5. Boyun Eğicilik Şeması: “Kendi isteklerimi dile getirirsem sevilmem.”


Bu şema, kişinin kendi ihtiyaçlarını geri plana atarak, başkalarının isteklerine öncelik vermesine neden olur.


Boyun eğicilik şeması olan biri:

-Sürekli başkalarını mutlu etmeye çalışır.

-Kendi isteklerini dile getirmekten korkar.

-“Hayır” diyemez.

Zamanla içinde birikmiş bir öfke hisseder.


Örneğin, bir kişi partnerinin her istediğini yapıyor ama kendi isteklerini hiç dile getiremiyorsa, bu şema etkilidir.


İlişkilere etkisi:

Kendi sınırlarını koruyamadığı için zamanla ilişki içinde kendini tükenmiş hisseder.

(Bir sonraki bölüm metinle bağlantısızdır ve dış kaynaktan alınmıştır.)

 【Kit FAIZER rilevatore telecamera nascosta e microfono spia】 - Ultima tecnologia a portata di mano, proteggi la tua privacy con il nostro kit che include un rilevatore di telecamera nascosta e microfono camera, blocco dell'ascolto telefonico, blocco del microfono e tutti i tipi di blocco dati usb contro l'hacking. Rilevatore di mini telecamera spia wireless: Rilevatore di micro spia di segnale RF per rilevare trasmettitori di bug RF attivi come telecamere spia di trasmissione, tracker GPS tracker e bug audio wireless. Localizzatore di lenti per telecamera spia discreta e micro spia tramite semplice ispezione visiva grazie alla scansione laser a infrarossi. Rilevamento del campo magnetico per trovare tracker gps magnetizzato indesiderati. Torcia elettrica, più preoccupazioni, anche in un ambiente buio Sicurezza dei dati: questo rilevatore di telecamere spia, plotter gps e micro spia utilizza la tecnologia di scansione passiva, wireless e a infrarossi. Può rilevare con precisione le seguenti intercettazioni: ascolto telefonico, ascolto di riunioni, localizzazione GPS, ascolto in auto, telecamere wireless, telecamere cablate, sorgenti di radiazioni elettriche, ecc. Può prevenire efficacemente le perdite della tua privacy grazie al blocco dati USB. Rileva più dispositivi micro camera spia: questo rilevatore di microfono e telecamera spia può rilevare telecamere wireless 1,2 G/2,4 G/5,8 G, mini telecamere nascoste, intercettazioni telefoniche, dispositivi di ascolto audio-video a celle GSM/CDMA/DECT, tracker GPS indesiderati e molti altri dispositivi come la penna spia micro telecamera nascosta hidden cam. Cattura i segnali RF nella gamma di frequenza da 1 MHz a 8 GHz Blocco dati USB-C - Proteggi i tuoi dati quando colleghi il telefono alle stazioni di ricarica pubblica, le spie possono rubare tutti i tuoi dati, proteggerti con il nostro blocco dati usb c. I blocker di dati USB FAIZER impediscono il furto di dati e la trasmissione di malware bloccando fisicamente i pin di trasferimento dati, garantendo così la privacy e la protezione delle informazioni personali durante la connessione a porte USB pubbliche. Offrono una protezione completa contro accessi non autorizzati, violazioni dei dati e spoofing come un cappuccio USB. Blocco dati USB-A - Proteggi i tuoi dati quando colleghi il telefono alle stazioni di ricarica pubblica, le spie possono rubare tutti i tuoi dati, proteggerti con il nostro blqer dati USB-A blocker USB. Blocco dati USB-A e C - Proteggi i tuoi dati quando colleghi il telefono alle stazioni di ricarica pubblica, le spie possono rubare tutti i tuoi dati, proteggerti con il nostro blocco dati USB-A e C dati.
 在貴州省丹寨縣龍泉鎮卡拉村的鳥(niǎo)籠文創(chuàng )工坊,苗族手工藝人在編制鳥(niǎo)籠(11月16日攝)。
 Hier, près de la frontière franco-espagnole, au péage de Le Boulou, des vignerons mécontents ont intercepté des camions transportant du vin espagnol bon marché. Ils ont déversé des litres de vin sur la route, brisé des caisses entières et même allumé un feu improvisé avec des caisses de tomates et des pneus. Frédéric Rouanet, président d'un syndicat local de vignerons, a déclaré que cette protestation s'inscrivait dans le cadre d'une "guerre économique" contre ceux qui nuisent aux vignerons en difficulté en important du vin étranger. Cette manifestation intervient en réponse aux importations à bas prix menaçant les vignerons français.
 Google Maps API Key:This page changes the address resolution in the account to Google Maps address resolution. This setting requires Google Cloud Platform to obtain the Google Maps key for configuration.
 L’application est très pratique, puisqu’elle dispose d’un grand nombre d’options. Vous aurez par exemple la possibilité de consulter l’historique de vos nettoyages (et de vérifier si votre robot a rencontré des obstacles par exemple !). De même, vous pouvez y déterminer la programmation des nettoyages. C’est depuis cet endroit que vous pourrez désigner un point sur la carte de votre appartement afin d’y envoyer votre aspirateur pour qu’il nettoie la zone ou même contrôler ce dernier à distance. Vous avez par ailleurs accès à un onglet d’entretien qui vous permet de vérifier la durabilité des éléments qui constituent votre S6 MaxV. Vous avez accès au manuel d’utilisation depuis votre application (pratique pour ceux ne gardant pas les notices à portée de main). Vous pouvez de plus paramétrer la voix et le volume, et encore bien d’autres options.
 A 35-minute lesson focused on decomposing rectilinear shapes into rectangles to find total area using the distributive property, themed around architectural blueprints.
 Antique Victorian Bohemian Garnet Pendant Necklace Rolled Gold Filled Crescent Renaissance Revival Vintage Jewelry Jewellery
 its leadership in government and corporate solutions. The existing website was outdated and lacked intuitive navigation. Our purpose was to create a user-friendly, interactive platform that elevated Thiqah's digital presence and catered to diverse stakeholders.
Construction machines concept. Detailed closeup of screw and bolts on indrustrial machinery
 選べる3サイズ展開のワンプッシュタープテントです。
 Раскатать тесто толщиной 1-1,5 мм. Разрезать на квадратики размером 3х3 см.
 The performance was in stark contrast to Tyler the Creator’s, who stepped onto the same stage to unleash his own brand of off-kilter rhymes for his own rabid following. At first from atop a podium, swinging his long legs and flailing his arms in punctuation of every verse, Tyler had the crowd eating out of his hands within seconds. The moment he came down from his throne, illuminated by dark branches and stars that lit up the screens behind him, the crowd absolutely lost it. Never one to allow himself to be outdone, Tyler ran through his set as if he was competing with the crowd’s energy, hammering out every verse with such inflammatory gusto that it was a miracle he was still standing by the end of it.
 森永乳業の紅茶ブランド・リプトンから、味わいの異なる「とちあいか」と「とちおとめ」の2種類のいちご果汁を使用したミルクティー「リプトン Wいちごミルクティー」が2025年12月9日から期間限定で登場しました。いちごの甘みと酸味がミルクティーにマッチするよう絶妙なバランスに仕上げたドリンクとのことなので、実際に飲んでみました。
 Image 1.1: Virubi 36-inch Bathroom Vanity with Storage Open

Bu Şemalar Değiştirilebilir mi?


Evet, kesinlikle! Şemalar çocuklukta oluşur ama yetişkinlikte fark edilip değiştirilebilir. İlk adım, hangi şemanın sizi etkilediğini fark etmek. Yukarıdaki örneklerde kendinizi gördüyseniz, bu şemaların hayatınızı nasıl yönettiğini düşünün.


İkinci adım, bu inançların gerçeği ne kadar yansıttığını sorgulamak. Örneğin, terk edilme şeması olan biri gerçekten herkes tarafından terk mi ediliyor, yoksa bunu sadece böyle mi yorumluyor? Kusurluluk şeması olan biri gerçekten sevilmeyecek biri mi, yoksa bu sadece kendi zihnindeki bir hikâye mi?


Son adım ise, bu şemalara meydan okuyarak yeni deneyimler yaratmak. Eğer hep “Beni kimse anlamaz.” diye düşünüyorsanız, duygularınızı paylaşarak farklı bir deneyim yaşamayı deneyin. “İsteklerimi söylersem insanlar beni sevmez.” diyorsanız, ufak bir adım atarak kendi ihtiyaçlarınızı dile getirin ve insanların tepkisini gözlemleyin.


Hayat, öğrendiğimiz kalıpları fark ettiğimizde değişmeye başlar. Siz de bu şemaları fark edip onlara meydan okumaya başladığınızda, ilişkilerinizin ve kendinize bakışınızın dönüşmeye başladığını göreceksiniz. Unutmayın, şemalar güçlü olabilir ama siz daha güçlüsünüz!